What you will do:
Take from the entries below the stretch from the line with "W środku torba" through the line with "彼らの旅の手帳には、数多くの", and return it exactly, leaving the pictures out.

Data to use:
----------

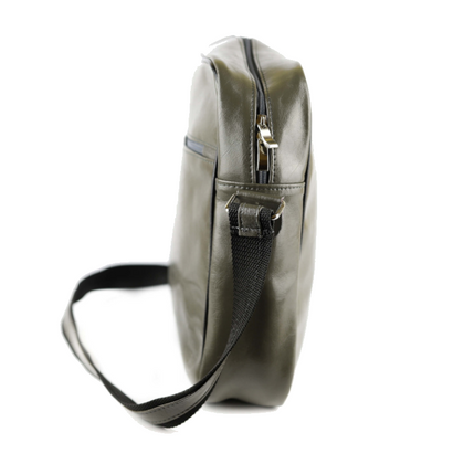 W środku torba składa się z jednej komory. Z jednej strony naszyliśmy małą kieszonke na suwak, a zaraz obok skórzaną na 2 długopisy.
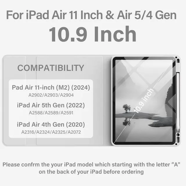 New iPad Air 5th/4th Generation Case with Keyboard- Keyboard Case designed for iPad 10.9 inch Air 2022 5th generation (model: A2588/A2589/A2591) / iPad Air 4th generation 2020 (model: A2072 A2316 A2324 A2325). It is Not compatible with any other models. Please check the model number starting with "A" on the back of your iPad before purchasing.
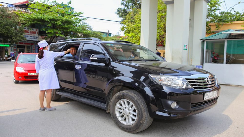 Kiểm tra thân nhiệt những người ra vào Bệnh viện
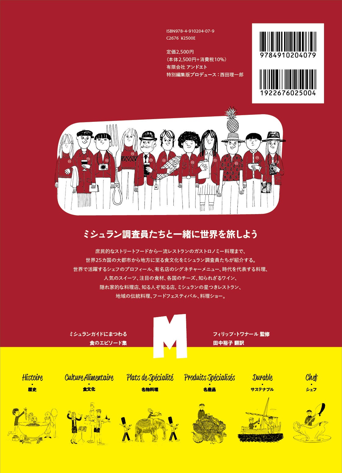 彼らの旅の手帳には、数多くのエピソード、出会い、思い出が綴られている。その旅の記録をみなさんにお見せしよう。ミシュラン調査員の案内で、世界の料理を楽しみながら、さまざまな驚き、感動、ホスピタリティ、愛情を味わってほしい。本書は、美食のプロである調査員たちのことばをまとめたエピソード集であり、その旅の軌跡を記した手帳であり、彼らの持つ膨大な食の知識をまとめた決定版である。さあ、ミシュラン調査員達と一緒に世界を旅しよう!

----------

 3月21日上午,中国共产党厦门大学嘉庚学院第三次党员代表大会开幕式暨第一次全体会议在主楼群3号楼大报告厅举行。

----------

Answer box:
 W środku torba składa się z jednej komory. Z jednej strony naszyliśmy małą kieszonke na suwak, a zaraz obok skórzaną na 2 długopisy.
 New iPad Air 5th/4th Generation Case with Keyboard- Keyboard Case designed for iPad 10.9 inch Air 2022 5th generation (model: A2588/A2589/A2591) / iPad Air 4th generation 2020 (model: A2072 A2316 A2324 A2325). It is Not compatible with any other models. Please check the model number starting with "A" on the back of your iPad before purchasing.
 Kiểm tra thân nhiệt những người ra vào Bệnh viện
 彼らの旅の手帳には、数多くのエピソード、出会い、思い出が綴られている。その旅の記録をみなさんにお見せしよう。ミシュラン調査員の案内で、世界の料理を楽しみながら、さまざまな驚き、感動、ホスピタリティ、愛情を味わってほしい。本書は、美食のプロである調査員たちのことばをまとめたエピソード集であり、その旅の軌跡を記した手帳であり、彼らの持つ膨大な食の知識をまとめた決定版である。さあ、ミシュラン調査員達と一緒に世界を旅しよう!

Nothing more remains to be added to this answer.